Since $p$ is a prime there are $\phi(p - 1)$ primitive roots. Is this correct?  
If so, $\phi(p - 1) = \phi(22) = \phi(2) \phi(11) = 10$.  So $23$ should have $10$ primitive roots?
And, to find all the other primitive roots we need powers of $5$, say $k$, sucht that $gcd(k, p - 1) = d> 1$.  Again, please let me know If this true or not
So, the possible powers of $5$ are: $1, 2, 11, 22$.  But this only gives four other primitive roots.  So I don't think I'm on right path.

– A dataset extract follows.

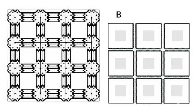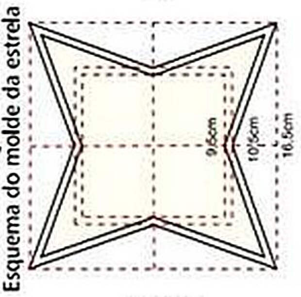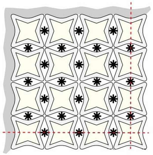 Для этого нужно раскроить квадрат со стороной, например, 16,5 см, в центре разметить квадрат с меньшей стороной, примерно 10 см. Свернуть квадрат пополам и ещё раз пополам (по линиям сгиба на рисунке). На линиях, указанных штрихами (по сгибам), отметить одинаковые расстояния от края к центру большего квадрата. Провести линии, как на схеме, и вырезать вогнутый ромб.

 A: If $d=ord_ma,$ we know from here $ord_m(a^n)=\frac d{(n,d)}$ where $m,d$ are positive integers  and $a,n$  are integers
If $a$ is a primitive root $\pmod m, ord_ma=\phi(m)$ 
(Remember all integers may not have a primitive root )
So, $ord_m(a^n)=\frac {\phi(m)}{(n,\phi(m))}$
So,  $a^n$ is a primitive root $\pmod m,$ if $ord_m(a^n)=\phi(m)$ which needs $(n,\phi(m))=1$
If $m$ is prime, $\phi(m)=m-1$
A: You simply need $\,k\,$ such that $$\gcd(k, p-1) = 1$$
Recall that there are $\varphi (n)$ primitive $n$-th roots of unity.  And for any prime $\,p,\;$ we know there are $\varphi(p)=p−1\;$ such roots.

For a more detailed explanation of why $g^k$ is a primitive root modulo n if $\gcd(k, \varphi(n)) = 1$, see particularly the answer by Arturo Magidin.
A: Where you are going wrong is the part where you said that $\gcd(k,p−1) = d > 1$. 
Infact, what you want is $\gcd(k,p-1) = 1$. 
After you've found the first primitive root  $= 5$ , the powers of $5$ will be the elements in $\phi(\phi(23)) = \phi(22) = \{1,3,5,7,9,13,15,17,19,21\}$. 
This will give the required 10 primitive roots. 
A: The possible powers of 5 are all the $k$'s that $gcd(k,p−1)=1$, so $k$ is in the set {$1, 3, 5, 7, 9, 13, 15, 17, 19, 21$} and $5^k$ is in the set {$5, 10, 20, 17, 11, 21, 19, 15, 7, 14$} which is exactly of length 10.